Hi, I just found a very strange bug when loading the compiled TVM library file. Here’s the demo code:
import sys
import numpy as np
import onnx
import tvm
import tvm.relay as relay
from tvm.contrib.download import download_testdata
from tvm.contrib.graph_runtime import GraphModule
def save_and_load(lib, device):
lib.export_library('./tmp.so')
lib = tvm.runtime.load_module('./tmp.so')
ctx = tvm.gpu() if device == 'gpu' else tvm.cpu()
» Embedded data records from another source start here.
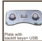
Plate with backlit keys+ USB
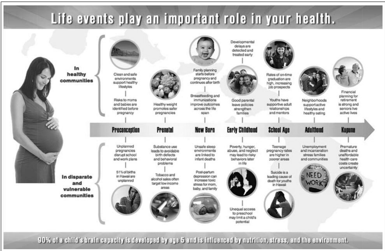
FIGURE 1 Example: Strategic Move 2, Programs to Populations a a From Hawai'i Department of Health. 24 Used with permission.

Moving from programs to populations will take more than just changing the way SHAs are funded, however. The public health workforce must be trained and incented to build systems that address the needs of populations versus continued reinforcement of the pervasive stovepipe approach. The National Consortium for Public Health Workforce Development prioritized the need for public health workforce development efforts to “build systems, not silos.” 27 Despite this need, many contemporary public health workforce development efforts remain mired in traditional, disjointed training solutions heavily loaded toward discipline-based content versus systems and population thinking. These approaches can reinforce silos and prevent crosscutting connections to other activities within the same agency or with other units of state government that might lead to synergies. One only needs to look at the variety of leadership trainings for the public health workforce to see that every major program area has its own academy, institute, or professional development experience, most of which are funded by programmatic categories with little interest in building the system as a whole. Exceptions that lead the way for collaborative, coordinated, and
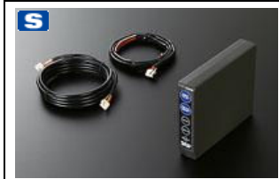
Master Unit DISCONTINUED 888500-0000

http://www.monster-shop.jp/index.php?main_page=product_info&products_id=7288
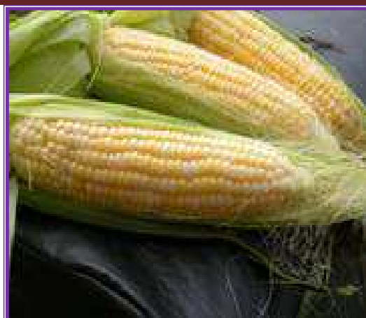
Figure 3 Edible vaccine using maize 5

Maize plants that produce the protein known as HbsAg, maize plants to produce a protein used to make the Hepatitis B virus vaccine.
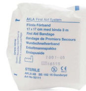
PRESSURE DRESSING 505 66 52-06
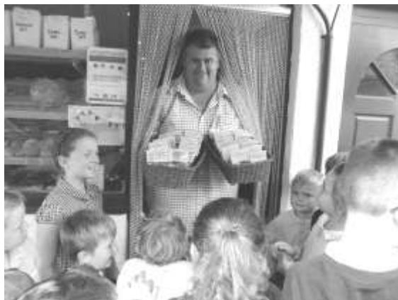
The Bakery visit
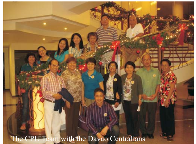
The CPU Team with the Davao Centralians
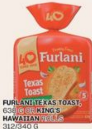
FURLANI TEXAS TOAST, 638 G CRINKLING'S HAWAIIAN ROLLS 312/340 G SELECTED VARIETIES TEXAS TOAST À L'AIL FURLANI OU PETITS PAINS KING'S HAWAIIAN 20041579_EA/21489831_EA
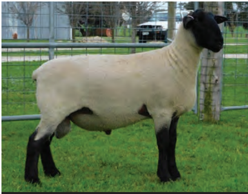
SUFFOLK Lot 11 711 TW
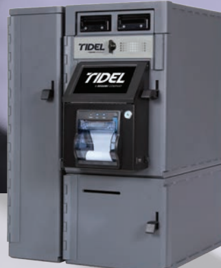
Narrow Side Vault
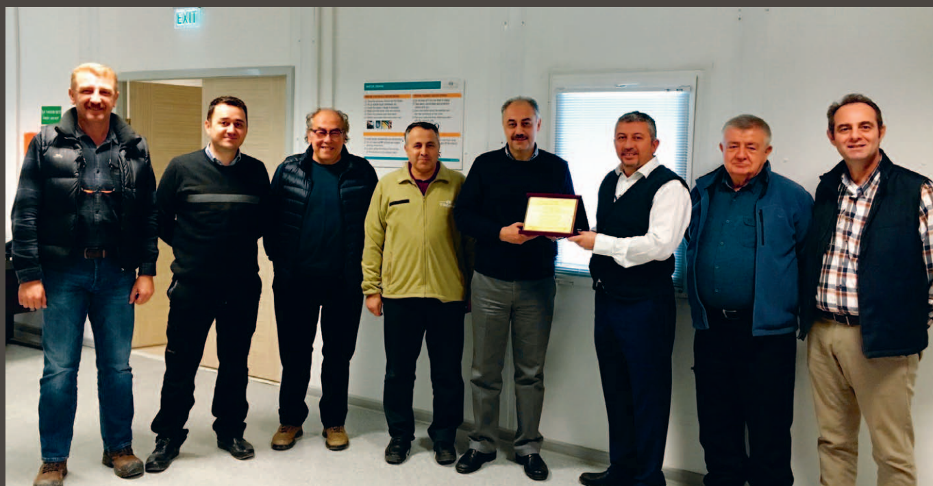
TANAP Compressor and Metering Stations Project team was presented a plaque of appreciation by the client for its achievement to complete 1 million man-hours without any accidents.

We congratulate each and everyone who has contributed to these remarkable achievements, and hope safe and healthy days will continue, taking this opportunity to make the reminder that no work is urgent or important enough to do unsafely.
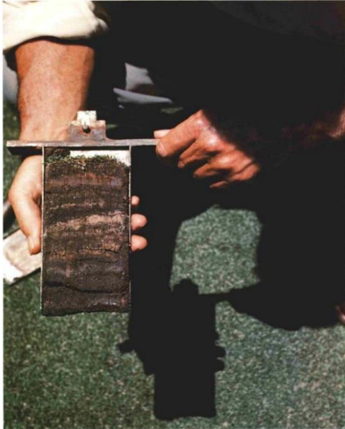
Several layers, created by topdressing with different materials, represent different management programs over the years.

Roots - Root development can be observed by lifting away the soil with the point of a knife. Check for white, healthy roots and rhizomes. Use a Macroscopic or a high-powered magnifying glass to observe the all-important root hairs. Another method is to soak the entire profile in a shallow pan of water and gradually wash away the soil until the roots are exposed. Record
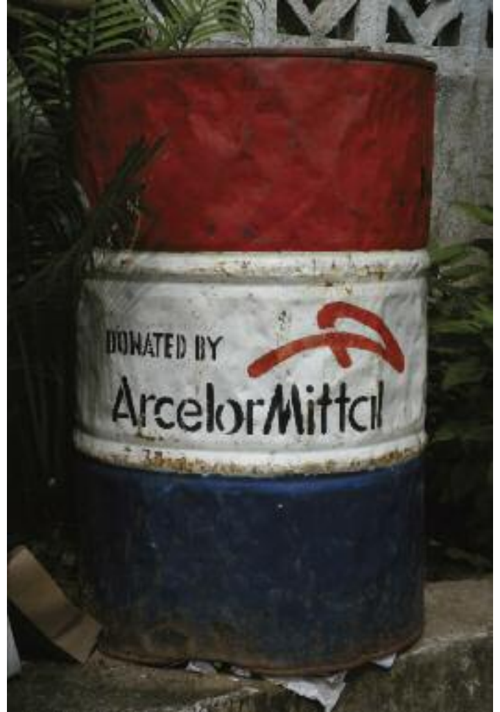
Donated by ArcelorMittal.

The issues arising from this review go to the heart of the ethical debates about whether it is better for the corporations to make voluntary social contributions or to pay taxes that are negotiated in a fair and transparent manner, during contract negotiations. For example, in the previous contract with the interim government of Liberia, ArcelorMittal enjoyed a tax holiday and was given control of major state assets. Ironically, it was in that contract that the idea of the Social Development Fund, which became a key selling point of the contract, was introduced. This contract was made void by the newly elected government, after international pressure, as the contract heavily favoured ArcelorMittal (This was prior to the merger with Arcelor).

gmod = GraphModule(lib['default'](ctx))
# return lib, ctx, gmod # explicitly returning the lib module could work
return None, ctx, gmod # not working on cuda
if __name__ == '__main__':
device = sys.argv[1]
assert device in ['gpu', 'cpu']
model_url = "".join(
[
"https://github.com/onnx/models/raw/",
"master/vision/classification/mobilenet/model/",
"mobilenetv2-7.onnx",
]
)
# https://github.com/onnx/models/blob/master/vision/classification/mobilenet/model/mobilenetv2-7.onnx
model_path = download_testdata(model_url, "mobilenetv2-7.onnx", module="onnx")
onnx_model = onnx.load(model_path)
if device == 'gpu':
target = 'cuda'
else:
target = 'llvm'
input_name = "input"
shape_dict = {input_name: [1, 3, 224, 224]}
relay_module, params = tvm.relay.frontend.from_onnx(onnx_model, shape=shape_dict)
with tvm.transform.PassContext(opt_level=4):
lib = tvm.relay.build(relay_module, target, params=params)
lib, ctx, gmod = save_and_load(lib, device)
x = tvm.nd.array(np.ones([1, 3, 224, 224], dtype=np.float32), ctx=ctx)
gmod.set_input(input_name, x)
gmod.run()
I found that when the returned value of save_and_load
is lib, ctx, gmod
, this script running on both GPU and CPU could work well. However, when the returned value of save_and_load
is None, ctx, gmod
, which means I do not return the lib module, which is not further used in my script, it has a strange segmentation fault when running on GPU:
[1] 10796 segmentation fault (core dumped) python3 reproduce_tvm.py gpu
This means the lib module must be reserved when the target device is cuda. When the targe is llvm, it still works well. I wonder if this is a bug of TVM?